Saldırgan cephede değil, saldırılan cephede yer almaktadır. Kahramanlığı sürmektedir. Yalnızca batı tarafından inkar edilmekle kalmamış, kendi soydaşlarının, kardeşlerinin kararsız adımları ile yanlız bırakılmışlardır.
Şu yapılan hazırlığa, yakalanan silahlara bir bakın. Hangi hasta akıl, böylesi bir harekete girişebilir? Hangi inanç böyle bir katliama izin verir? Bunun İslamla, dinle falan alakası yok. İnsanlıkla da yok. Bu saldırgan emperyalizmin beyni yıkanmış terörizminden başka birşey değildir.
Nasıl bir tesadüftür bu? Suriyeden dönenler Abhazyaya yeni varmışken, bir yandan Suriye, kendine müslüman diyen, çapulcu işbirlikçi teröristlerle, kana bulanıyor. Öte yandan Abhazya da, Devlet başkanına suikast şoku geçmeden, kanlı eylemlere hazırlık yapılıyor.
Kendimize sormalıyız;
Bu kanlı eylemlerin siyasi zeminleri hangi odaklarca hazırlanıyor?
Bu arada bizler, bu çamurlu zeminin içinde yaşıyoruz.

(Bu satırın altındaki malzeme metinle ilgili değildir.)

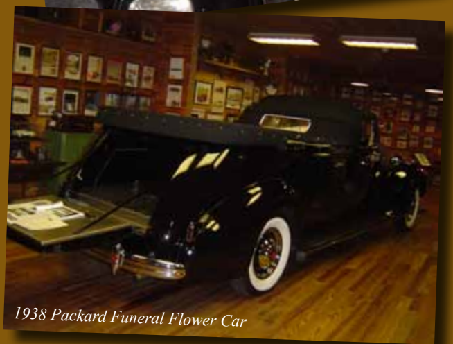
1938 Packard Funeral Flower Car

Kafkaslığımızdan, kahramanlıklarımızdan, ileri demokrasimizden geçilmiyor maşallah.
Suriyeyi kana bulayan bu teröristler, Türkiyede barındırılıyor, eğitiliyor, silahlandırılıyor.
Ya Abhazyadaki teröristler? Hangi çamurda beslendiler?
Biz? Biz neyi besliyoruz?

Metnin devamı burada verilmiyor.